*AIM OF THE EXERCISE:* Each line of the material must be repeated precisely, with the pictures left out.

*DATA SEGMENT:*

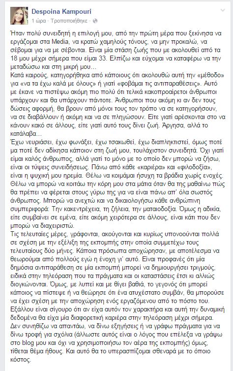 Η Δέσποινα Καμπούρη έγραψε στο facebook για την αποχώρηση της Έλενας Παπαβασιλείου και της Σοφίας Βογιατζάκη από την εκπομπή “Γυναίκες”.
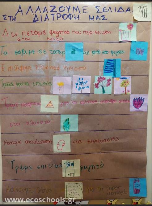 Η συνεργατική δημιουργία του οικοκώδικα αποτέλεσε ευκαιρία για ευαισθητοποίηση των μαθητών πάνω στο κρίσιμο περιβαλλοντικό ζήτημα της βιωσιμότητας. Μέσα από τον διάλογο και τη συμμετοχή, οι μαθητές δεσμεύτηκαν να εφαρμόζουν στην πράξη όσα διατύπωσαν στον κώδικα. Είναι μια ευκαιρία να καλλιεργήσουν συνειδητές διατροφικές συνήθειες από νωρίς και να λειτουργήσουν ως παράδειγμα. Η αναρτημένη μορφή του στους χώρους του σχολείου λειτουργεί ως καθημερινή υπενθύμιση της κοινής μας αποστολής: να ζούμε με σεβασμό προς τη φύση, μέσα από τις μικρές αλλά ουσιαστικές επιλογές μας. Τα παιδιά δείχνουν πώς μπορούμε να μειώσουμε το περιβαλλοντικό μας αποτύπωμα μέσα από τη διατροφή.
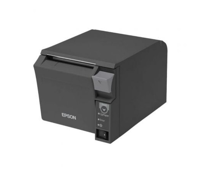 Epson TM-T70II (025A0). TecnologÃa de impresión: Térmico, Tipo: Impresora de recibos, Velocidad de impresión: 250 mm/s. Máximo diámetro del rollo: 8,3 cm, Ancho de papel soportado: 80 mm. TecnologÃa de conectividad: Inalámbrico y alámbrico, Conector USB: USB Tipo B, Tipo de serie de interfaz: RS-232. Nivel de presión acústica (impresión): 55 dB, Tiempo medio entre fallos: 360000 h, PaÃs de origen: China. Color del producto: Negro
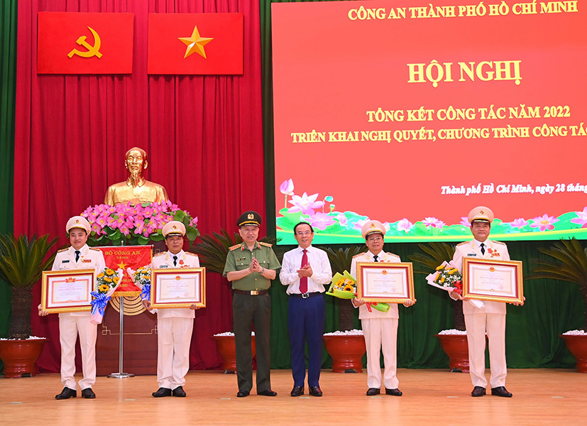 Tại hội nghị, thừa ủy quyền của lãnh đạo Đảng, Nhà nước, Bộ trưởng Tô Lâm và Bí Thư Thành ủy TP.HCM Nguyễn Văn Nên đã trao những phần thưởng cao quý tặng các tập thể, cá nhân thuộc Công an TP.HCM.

*WRITTEN ANSWER:*
 Η Δέσποινα Καμπούρη έγραψε στο facebook για την αποχώρηση της Έλενας Παπαβασιλείου και της Σοφίας Βογιατζάκη από την εκπομπή “Γυναίκες”.
 Η συνεργατική δημιουργία του οικοκώδικα αποτέλεσε ευκαιρία για ευαισθητοποίηση των μαθητών πάνω στο κρίσιμο περιβαλλοντικό ζήτημα της βιωσιμότητας. Μέσα από τον διάλογο και τη συμμετοχή, οι μαθητές δεσμεύτηκαν να εφαρμόζουν στην πράξη όσα διατύπωσαν στον κώδικα. Είναι μια ευκαιρία να καλλιεργήσουν συνειδητές διατροφικές συνήθειες από νωρίς και να λειτουργήσουν ως παράδειγμα. Η αναρτημένη μορφή του στους χώρους του σχολείου λειτουργεί ως καθημερινή υπενθύμιση της κοινής μας αποστολής: να ζούμε με σεβασμό προς τη φύση, μέσα από τις μικρές αλλά ουσιαστικές επιλογές μας. Τα παιδιά δείχνουν πώς μπορούμε να μειώσουμε το περιβαλλοντικό μας αποτύπωμα μέσα από τη διατροφή.
 Epson TM-T70II (025A0). TecnologÃa de impresión: Térmico, Tipo: Impresora de recibos, Velocidad de impresión: 250 mm/s. Máximo diámetro del rollo: 8,3 cm, Ancho de papel soportado: 80 mm. TecnologÃa de conectividad: Inalámbrico y alámbrico, Conector USB: USB Tipo B, Tipo de serie de interfaz: RS-232. Nivel de presión acústica (impresión): 55 dB, Tiempo medio entre fallos: 360000 h, PaÃs de origen: China. Color del producto: Negro
 Tại hội nghị, thừa ủy quyền của lãnh đạo Đảng, Nhà nước, Bộ trưởng Tô Lâm và Bí Thư Thành ủy TP.HCM Nguyễn Văn Nên đã trao những phần thưởng cao quý tặng các tập thể, cá nhân thuộc Công an TP.HCM.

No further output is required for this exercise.